| PROBLEM DETAILS |
Transcribe only the part of the material below that begins at the line containing "A brand-new, unused, certified" and ends at the line containing "- 尖头高跟鞋单鞋一字扣", with both kept and images left out.

| DATA TO USE |
BEGIN
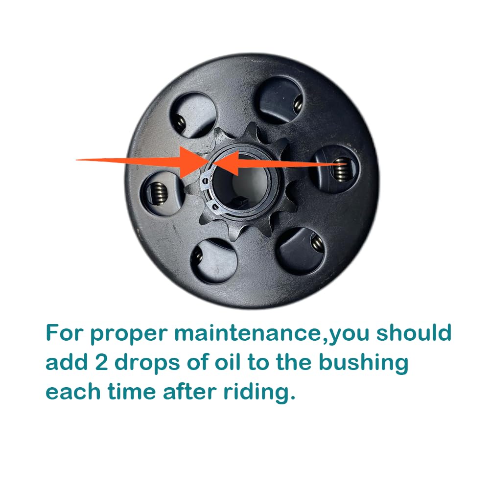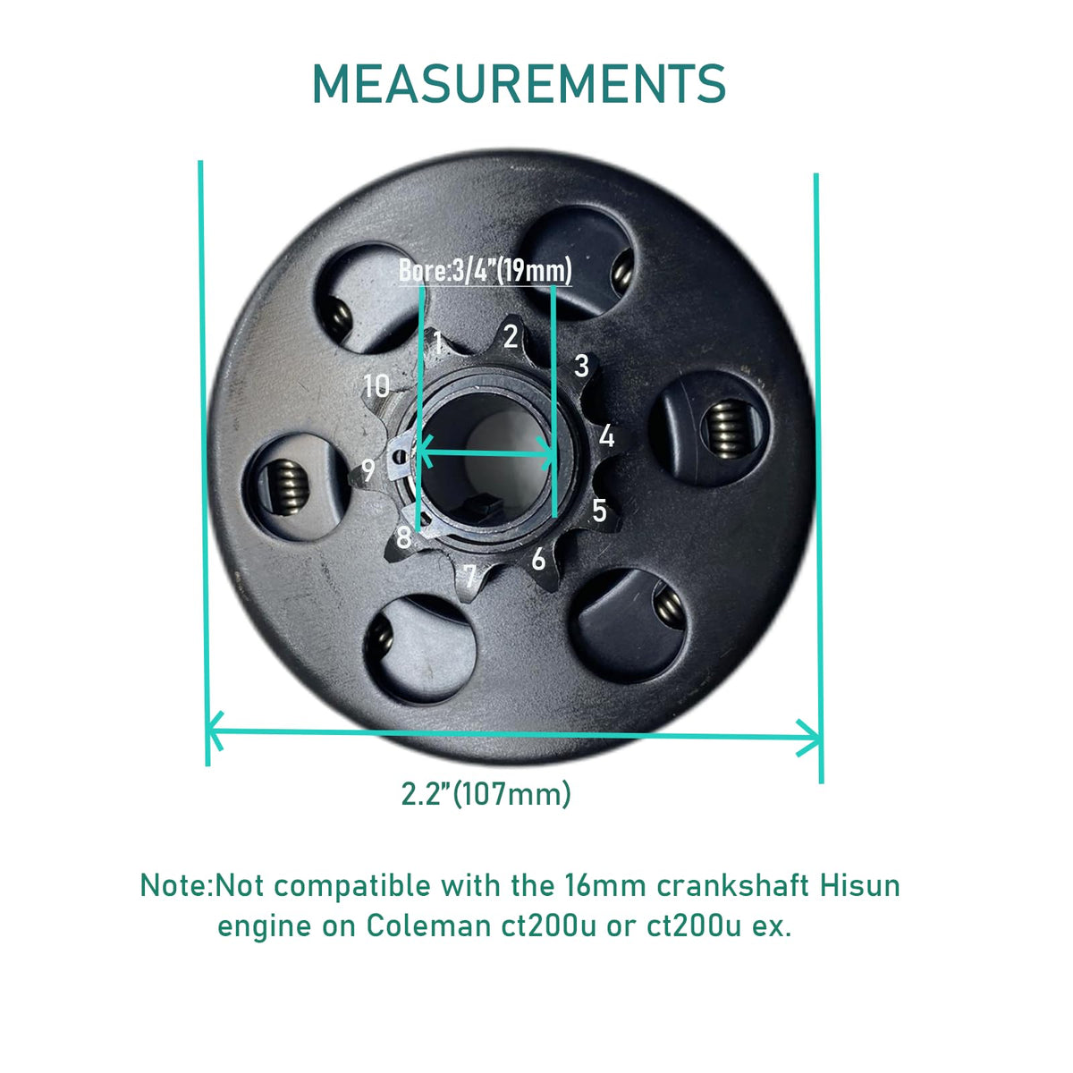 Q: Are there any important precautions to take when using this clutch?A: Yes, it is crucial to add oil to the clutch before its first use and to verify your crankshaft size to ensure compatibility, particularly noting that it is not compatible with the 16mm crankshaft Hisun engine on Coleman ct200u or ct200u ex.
END
BEGIN
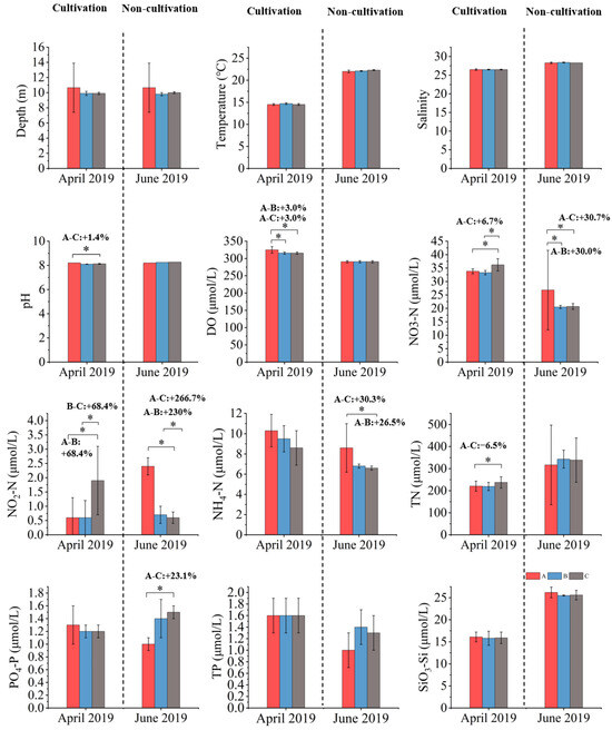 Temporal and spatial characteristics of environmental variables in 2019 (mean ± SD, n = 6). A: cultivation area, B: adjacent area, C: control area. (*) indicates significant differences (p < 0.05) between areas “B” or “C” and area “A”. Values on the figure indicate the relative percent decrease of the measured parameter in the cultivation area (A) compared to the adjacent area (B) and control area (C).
END
BEGIN
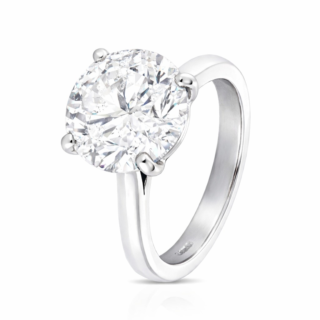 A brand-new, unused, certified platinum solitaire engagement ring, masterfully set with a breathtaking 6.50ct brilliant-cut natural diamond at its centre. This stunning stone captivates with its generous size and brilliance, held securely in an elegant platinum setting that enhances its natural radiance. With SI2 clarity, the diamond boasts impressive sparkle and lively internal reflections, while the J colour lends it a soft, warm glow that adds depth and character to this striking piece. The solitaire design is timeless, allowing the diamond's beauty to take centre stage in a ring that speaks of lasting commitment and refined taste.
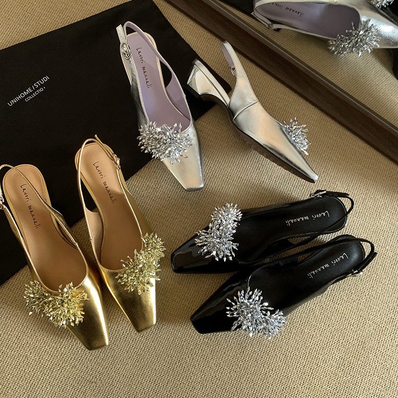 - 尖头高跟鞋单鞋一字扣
END
| COMPLETED TASK |
 A brand-new, unused, certified platinum solitaire engagement ring, masterfully set with a breathtaking 6.50ct brilliant-cut natural diamond at its centre. This stunning stone captivates with its generous size and brilliance, held securely in an elegant platinum setting that enhances its natural radiance. With SI2 clarity, the diamond boasts impressive sparkle and lively internal reflections, while the J colour lends it a soft, warm glow that adds depth and character to this striking piece. The solitaire design is timeless, allowing the diamond's beauty to take centre stage in a ring that speaks of lasting commitment and refined taste.
 - 尖头高跟鞋单鞋一字扣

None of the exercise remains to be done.